In May 2009, Leibovitz (b. 1949) was honored in New York with a life-time achievement award from the International Center of Photography. Acknowledging her outstanding achievements, the 700 invited guests paid tribute to her extensive body of work. From Rolling Stone to Vanity Fair and Vogue, she has captured memorable portraits of actors, directors, writers, musicians, athletes and political and business leaders. In addition to her editorial work, she has launched many award-winning portfolios for advertising campaigns such as the Gap and American Express. An iconic figure to many, her friends and colleagues were no doubt touched by her acceptance speech in which she hinted at her financial troubles by saying, “It means so much to me, especially right now. I’m having some tough times right now.”
The tough times included the $24 million debt to the Art Capital Group, a New York-based company which lends money using art as collateral.
Her fees are rumored to be around several million a year from Conde Nast alone, plus a rumored $250,000 day-rate for advertising clients such as Louis Vuitton. However comfortable her annual earnings, her very comfortable lifestyle put her under water financially. The nanny, personal chef, personal yoga instructor, housekeeper, handyman and gardener as well as frequent trips to Paris and a penchant for buying expensive gifts for her family plus very pricey properties and frequent remodeling projects all added up to a financial agreement with Art Capital in 2008.
In July 2009, Art Capital sued Leibovitz, citing her failure to pay back hundreds of thousands of dollars she owed the firm. In August, Goldman Sachs Group Inc. disclosed that they owned part of the $24 million loan that led to the breach of contract lawsuit.
Three days after the Sept. 8 deadline to repay the $24 million loan, a resolution to the lawsuit was announced in a joint statement. Art Capital extended the “maturity date” on the loan and Leibovitz was able to “purchase from Art Capital its rights to act as exclusive agent in the sale of her real property and copyrights.”
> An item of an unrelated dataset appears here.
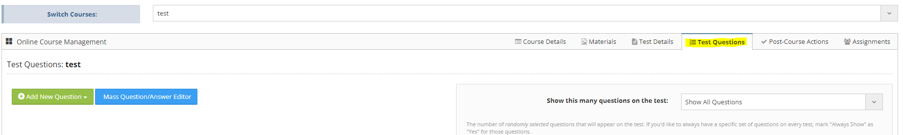 Step 8: Test Questions can be added from the 'Test Question' tab.
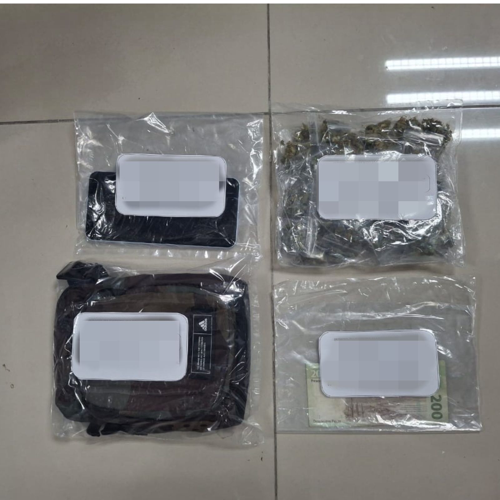 Durante la revisión, se le aseguraron una mariconera, las 32 bolsas de marihuana, un teléfono celular y 200 pesos en efectivo.

Leibovitz has since issued a series of high-priced limited edition print sets of her photographs. She hopes to pay off the debt by leveraging her archive with a Master Set of 157 of her photographs. Ten sets are planned, at a price tag of up to $3.5 million per set. The payback date for the entire loan is in the summer of 2010, and with monthly installments in the hundreds of thousands of dollars, Leibovitz has a busy year ahead.
Recent auction sales indicate a strong interest in Leibovitz’s work. Last November, at auction in Paris, three vintage silver prints from one lot, Portrait of Bette Midler (1978), sold for $64,495 (hammer). John Lennon and Yoko Ono (1980), printed in 1991, sold in October at Sotheby’s (New York) for $22,500 (hammer).
Leibovitz’s future looks less formidable. As the photographer herself mentioned in her speech at the ICP last spring, lifetime achievement awards suggest honoring the end of a career. “Photography is not something you retire from. Photographers live to a very old age and work until the end.” Citing Steichen and Cartier-Bresson working into their 90s and Irving Penn, 93 and still working (Penn died later in the year), 2010 could mark the beginning of the second half of her long and prosperous career.